PHP Includes and root variable

First off I googled a million pages and just could not find answers :shifty:.

I am trying to do this:

  1. In a configuration.php file I want to set up the path to my site
    I currently have this

<?php
 $siteroot = $_SERVER['DOCUMENT_ROOT'];
?>

  1. In my other files I want to simply create blank containers and just include pages. So for instance in Index.php I want to include header.php, sidebar.php and footer.php.

I currently have this:
At the top of my page I am calling the configuration.php: <?php require_once (“includes/configuration.php”);?>

And in the spot where I want my header to appear I use this:


<?php include("$siteroot/includes/module-header.php"); ?>

And likewise for all the other includes - sidebar.php and footer.php.

This does not work, I get this error message:


[b]Warning[/b]:  include(D:/wamp/www//includes/module-header.php) [[function.include](http://localhost/imi/function.include)]:  failed to open stream: No such file or directory in [b]D:\\wamp\\www\\imi\\index.php[/b]  on line [b]105[/b]

Now I want this to work in my local server and seamlessly work in production.

I have no understanding and what code I am using was from one of my many google adventures… it apparently is incorrect.


$siteroot = rtrim($_SERVER['DOCUMENT_ROOT'],'/');

Try that, It looks like the problem lies with multiple directory separators:

include(D:/wamp/www//includes/module-header.php)

If you would like to access that variable from within classes or functions its probably best to make it a constant.


define('SITE_ROOT',rtrim($_SERVER['DOCUMENT_ROOT'],'/'));

I would suggest using a configuration file that where you would define the path:


define('YOUR_BASE_DIR', 'D:/wamp/www');

In your script, you would perform your include like this:


require_once(YOUR_BASE_DIR . "/includes/module-header.php");

Defining the path is always better than relying on what can otherwise be a moving target. Avoid relative paths whenever possible.

I will not be using it within classes or functions. My needs are to simply have a variable that I can use instead of a path.

The example you gave does not work - I yet get that error message.

The code I provided above will work as we use this as a standard practice for our system configuration.

That works - so when I take this to production, should the base directory change to http://www.sitename.com/" or the server path? If either one will work which is recommended?

When you go to production, you would use the server path to the file (the FULL path is advised).

Glad to see that worked.

-Bing

Thank you. I have one more question.

So if I want to now use that variable (YOUR_BASE_DIR) in a link how would I call it?
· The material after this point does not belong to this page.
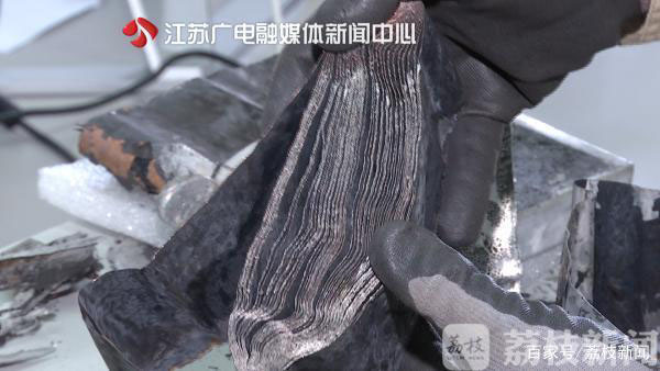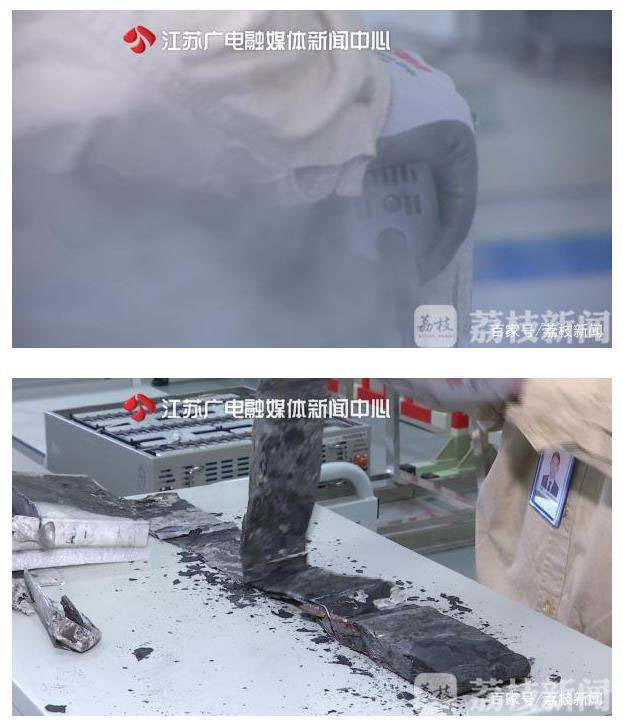 經(jīng)過(guò)燃燒之后的鋰電池,內(nèi)部會(huì)產(chǎn)生什么變化呢?實(shí)驗(yàn)人員對(duì)這塊鋰電池,進(jìn)行了現(xiàn)場(chǎng)切割……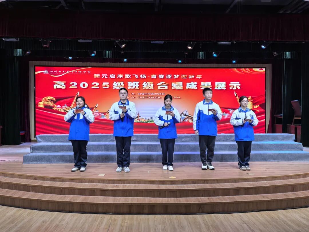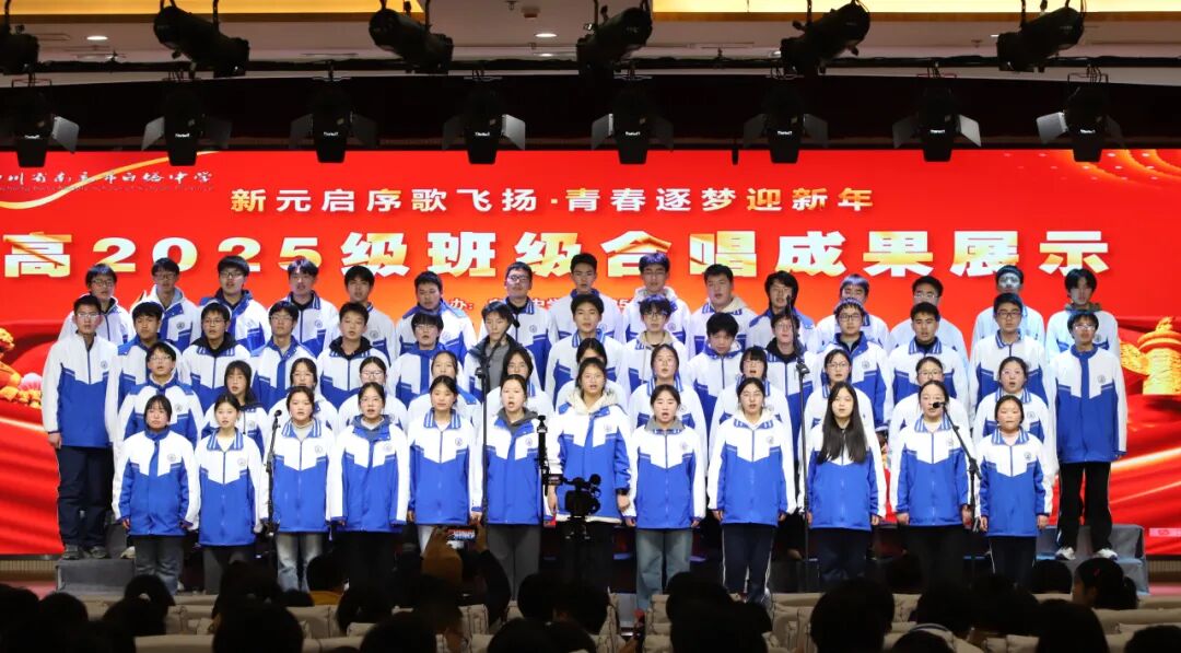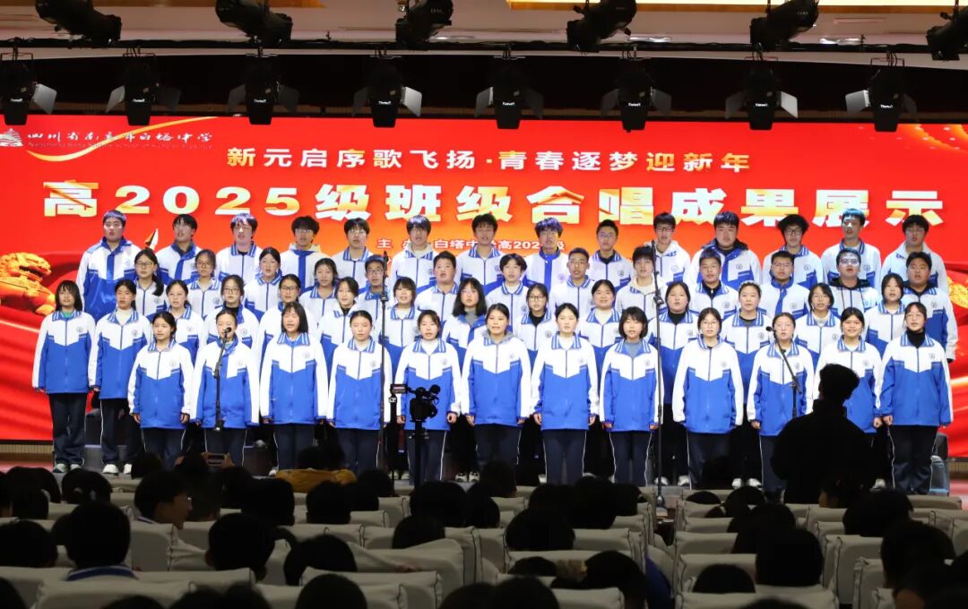 岁聿云暮,新元肇启;歌声嘹亮,青春激昂。为丰富校园文化生活,厚植家国情怀,展现高2025级学子的青春风采与班级凝聚力,白塔中学成功举办“新元启序歌飞扬,青春逐梦迎新年”主题班级合唱比赛。高一年级26个班级分为两场依次登台,用悠扬旋律唱响时代赞歌,用赤诚之心书写青春华章。

For example i want to link to a file in information/faq/questions.php

How would i call the variable -
<a href=“<?php What php code ?>/information/faq/questions.php”>FAQ</a>

You wouldn’t, you would need to define a new constant:

define('YOUR_WEB_URL', 'http://www.somdomain.net');

You would the write your link like this:

<a href=“<?php echo YOUR_WEB_URL; ?>/information/faq/questions.php”>FAQ</a>

Oh sweet! Thanks.

You don’t need a constant. / is already defined for you.

<a href=“/index.php”>
will always go to http://domain.com/index.php

While this is true, it is a best practice to not use or depend on relative URLs.

It’s not a relative url

<a href=“index.php”>
=> http://site.com/current/directory/index.php

<a href=“/index.php”>
=> http://site.com/index.php

And to your other comment re php paths, it is actually best practice to depend on a relative path to define your root.
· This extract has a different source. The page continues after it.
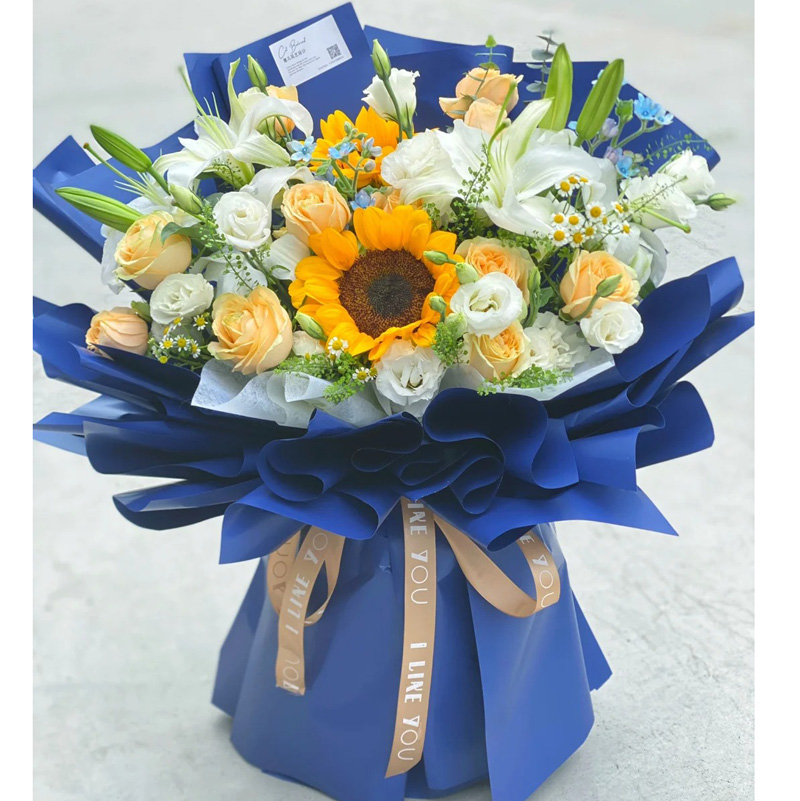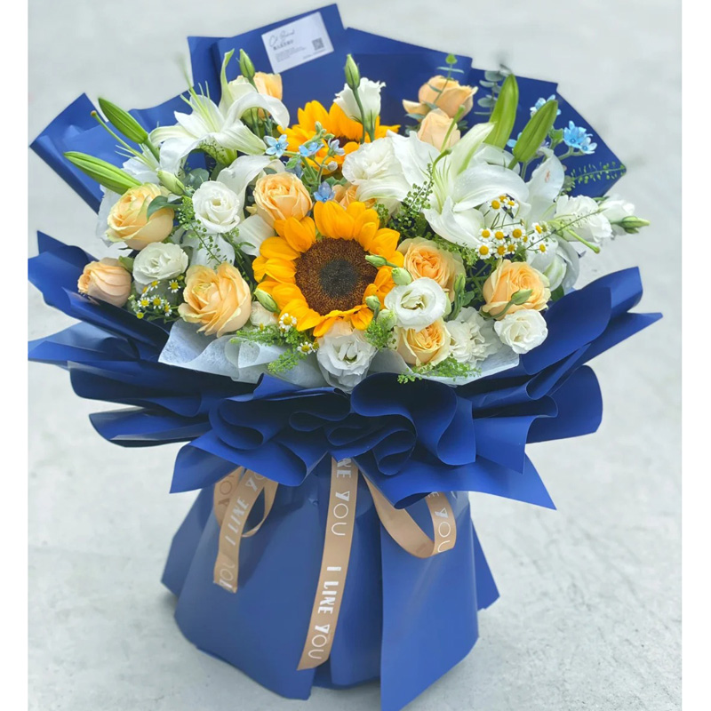 花材: 2朵向日葵,11朵香槟玫瑰,3支白色多头香水百合,搭配6支洋桔梗(断货则用同数量白玫瑰代替),洋甘菊,尤加利叶装饰。

Defining the base URL is still recommended, particularly when you start scaling out to multiple servers or use a CDN. If you have no plans to do that, then sure, you could simply use the relative href.

It’s not recommended at all, and completely pointless to boot.

Okay - what be be your suggestions to my question?

this looks like what i’ve been looking at in this thread. i would need to include that configuration.php in every php file no matter what folder it is? that would be using relative paths i imagine… just getting utterly confused trying to solve a pretty similar problem…

How do you figure those aren’t relative? href=“index.html” == “./index.html” give me index of current directory.
If you are at http://site.com/current/directory/index.php and link to /some/dir/example.php it knows you mean http://site.com/some/dir/example.php not http://site.com/current/directory/some/dir/example.php cause a single / means go to root then find x

For html you just use /
<a href=“/some/directory/img.php”> <– that url is the absolute path from the web servers root
<a href=“img.php”> <– that url is relative to what directory you are currently in

For php paths, you are no longer talking about the web server root, but the servers file system. So you need $root to be the path to your project, eg /home/hash/websites/myproject/
You can set this based off the DOCUMENT_ROOT, or based on an entry point in your script, or other ways, like hard coding a config file.

The first was relative for illustration of why the second wasn’t. I bolded the bit in your post which means absolute.